Structured Outputs make grading deterministic. Without "strict": true on the JSON Schema, GPT-4o would occasionally invent new rubric categories or return scores outside valid ranges. Strict mode eliminated that entirely.
The air gap is the architecture. Separating real-time interaction from deep analysis isn't a compromise — it's the only design that satisfies both constraints simultaneously. Each brain operates at its natural timescale without degrading the other.
Identity anchoring requires defense in depth. No single technique reliably overrides RLHF conditioning. The three-layer approach (preamble + context priming + lifecycle hooks) is the minimum viable solution for persona fidelity.
Tech Stack
- Real-time voice: Azure OpenAI
gpt-realtime, LiveKit Agents SDK v1.3, Python 3.11+ - Async grading: Azure Functions, GPT-4o Structured Outputs, Cosmos DB
- Transport: WebRTC via LiveKit Cloud (UDP, not HTTP)
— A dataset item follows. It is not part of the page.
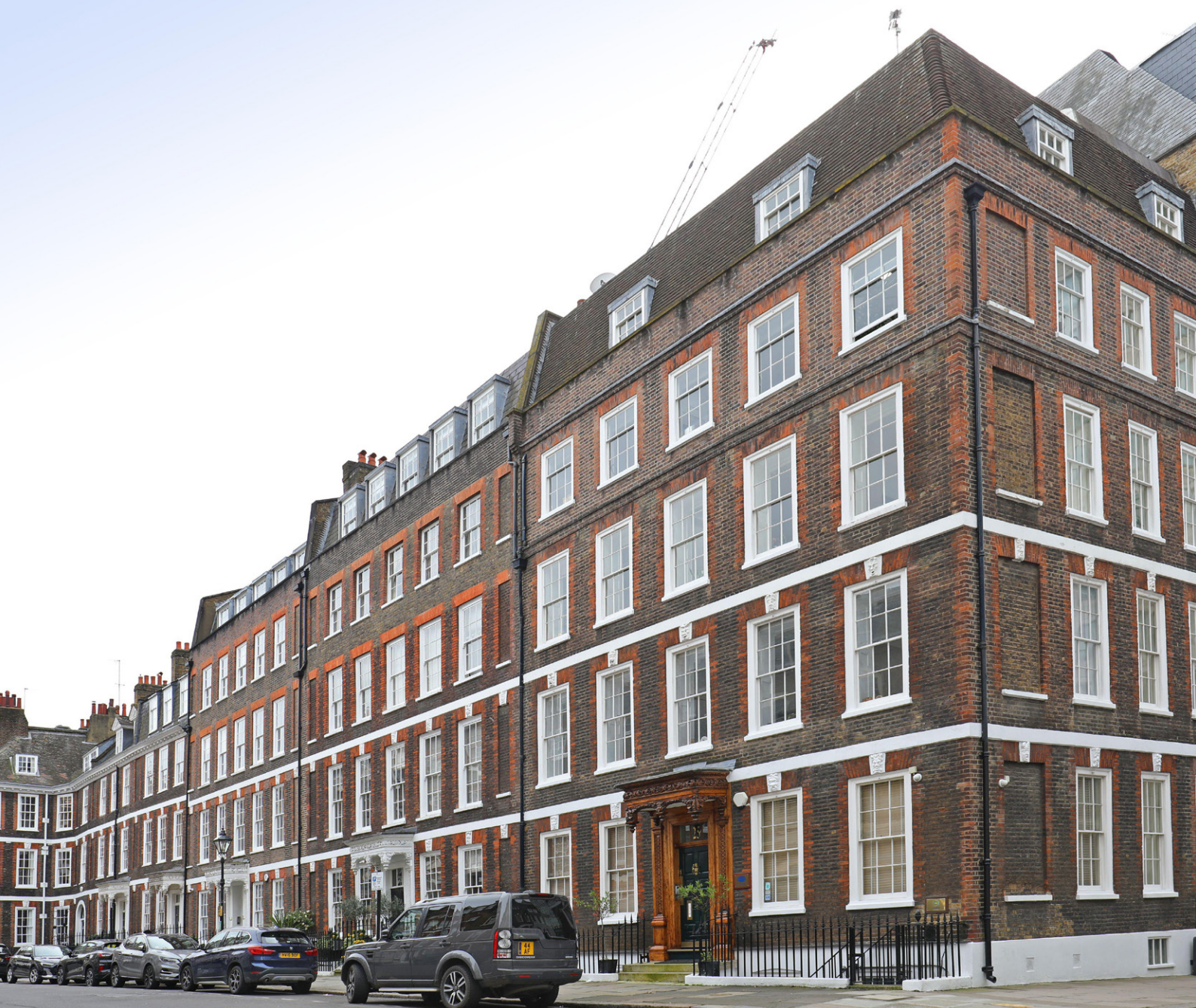
Typical Georgian town house, London SW1

- Storage: Azure Blob Storage (transcript air gap), Azure Cosmos DB (grading results)
- Email: Azure Communication Services (transactional coaching reports)
- Frontend: Next.js with TypeScript, LiveKit
BarVisualizer+useVoiceAssistanthook
The full system represents about 80 hours of engineering, with Phase 4 (the grading pipeline) consuming 36 hours alone — mostly on multi-rubric restructuring and email delivery resilience.